Organizers say the mayor’s budget proposal will cut heavily into after-school and childcare programs, particularly in public housing developments. They have since been working to raise awareness among the families that rely on their services through a series of town hall meetings, organized with City Council members who represent affected developments.
“These are hardworking families that don’t have options in terms of hiring babysitters or not working to care for their kids,” Gensler said. “They don’t have other options, so they’re very concerned.”
“The mayor is taking care of a lot of interests,” Gessler added, “but he hasn’t taken care of us.”
One complaint about the budget process voiced by many working in human services was that the way cuts force nonprofits to compete for funding.
“We’ve come together collectively to say – you can’t pit us collectively against each other,” Sesso said, referring to the scramble for funding that would ensue if both the city and federal cuts were to go through.
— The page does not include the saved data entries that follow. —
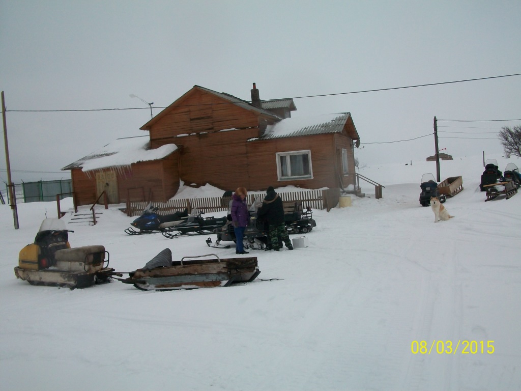 На 8 Марта решили поехать в Кузомень,порыбачить и поздравить супругу Власовича.Накануне Власович предупредил что ночью будет непогода,но разве нас что то может остановить?! Муж утром вышел посмотрел видно ли машину из под снега,посмотрел на моё выражение лица и сказал обреченно-поехали!До Кашкаранцев ехали по чьему то следу,видно что иногда копались люди,и вот мы их догнали-сидят крепко.Вытащили их,пошли вперёд,они за нами.Доехали до Точильной и всё. Дорога переметена капитально,а мы ещё с прицепом :-( Потихоньку,где копали,где топтали :-): Наконец встали совсем.Со стороны Варзуги тоже стоит машина, а между нами 150 метров перемёта,они сообщили что уже идёт трактор на помощь.Ходили друг к другу в гости. :-):
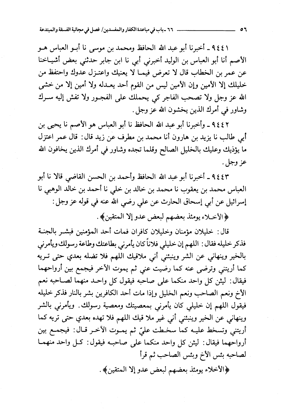 9441 - أخبرنا أبو عبد الله الحافظ و محمد بن موسى نا أبو العباس هو الأصم أنا أبو العباس بن الوليد أخبرني أبي نا ابن جابر حدثني بعض أشياخنا عن عمر بن الخطاب قال : لا تعرض فيما لا يعنيك و اعتزل عدوك و احتفظ من خليلك إلا الأمين و إن الأمين ليس من القوم أحد يعدله و لا أمين إلا من خشى الله عز و جل و لا تصحب الفاجر كي يحملك على الفجور و لا تفش إليه سرك و شاور في أمرك الذين يخشون الله عز و جل
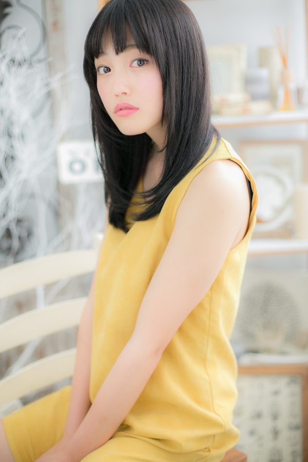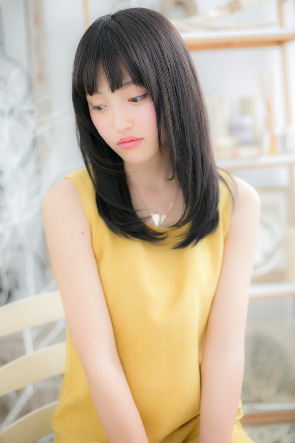 パッキリとしたストレートではないので、柔らかくて自然な質感に仕上がります。黒髪でピュアな印象に♪
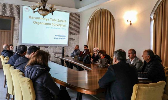 Eskişehir İl Tarım ve Orman Müdürlüğü tarafından Eskişehir'de yürütülmekte olan 2023 yılı Bitki Sağlığı Programı çerçevesinde "Karantinaya Tabi Zararlı Organizma Sürvey Çalışmaları" konularında hizmet içi eğitim toplantısı gerçekleştirildi.Toplantı, İl,İlçe Tarım ve Orman Müdürlüğü bünyesindeki görevli teknik personelin katılımıyla, İl Tarım ve Orman Müdürlüğü Kütahya Yolu Hizmet Binası toplantı salonunda düzenlendi. Bitkisel Üretim ve Bitki Sağlığı Şube Müdürlüğü bünyesinde görevli teknik personellerden Ziraat Mühendisi Eda Gözükara Karantinaya Tabi Zararlı Organizma Sürvey Kayıt Sistemi (KASKs) ve Karantinaya Tabi Patates Hastalık ve Zararlıları sürveyleri hakkında, Ziraat Mühendisi Davut Uysal, Domates ve Biber Virüs Hastalıkları ve Zararlıları Sürveyleri hakkında, Ziraat Mühendisi Ekrem Ada Karantinaya Tabi Meyve Hastalık ve Zararlıları hakkında bilgi verdi.Bilgilendirme toplantısı, İlçe Tarım ve Orman Müdürlüklerinde sürvey çalışmalarında kullanılmak üzere Akdeniz meyvesineği, kiraz Sineği, domates Güvesi, elma iç kurdu tuzakları dağıtımının ardından sona erdi.
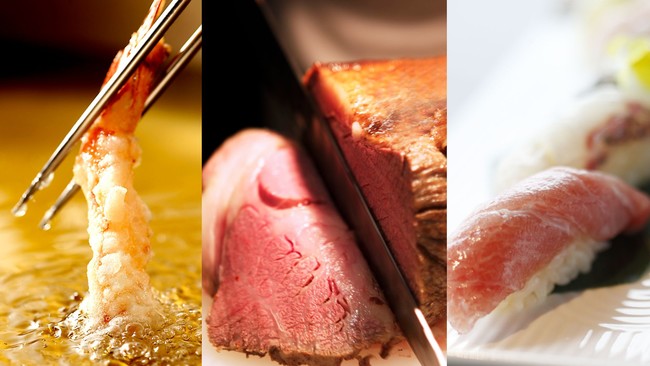数々のミシュランシェフとのコラボレーションを果たし、ホテルニューオータニ(東京)レストラン統括料理長を経て、今春より幕張の総料理長に就任した小出裕之渾身の「新江戸洋食」より、「コハダのポテトサラダ」や「白身魚のピカタ」などをご用意するほか、低温でじっくりジューシーに焼き上げるホテル伝統のローストビーフや寿司、その場で揚げる天麩羅などホテル王道グルメもお好きなだけお楽しみいただけます。

The Human Services Council is part of a coalition of nonprofits that have been advocating together against the proposed 50 percent cut to CSBG. They argue that the budget should be balanced through ending corporate tax loopholes, and not by eliminating services for low- and middle-income New Yorkers.
“There are things that they can do that aren’t on the table,” added Sesso, arguing that investments in human services provide a net benefit for the economy as well.
“Nonprofits are a source of employment, but they provide work support for others,” she explained, adding that the after-school, childcare, classes and clinics provided all make it easier for working families to keep working.
The CSBG meeting in Bushwick ended with a chance for community members to voice their opinions on the cuts, in English, Spanish or a mix of the two. Many wanted to emphasize the impact these organizations have had on their lives, by teaching English, or helping with legal disputes, immigration papers, or housing issues.
“The community organized,” proclaimed one speaker, “is the best weapon against these kinds of draconian cuts.”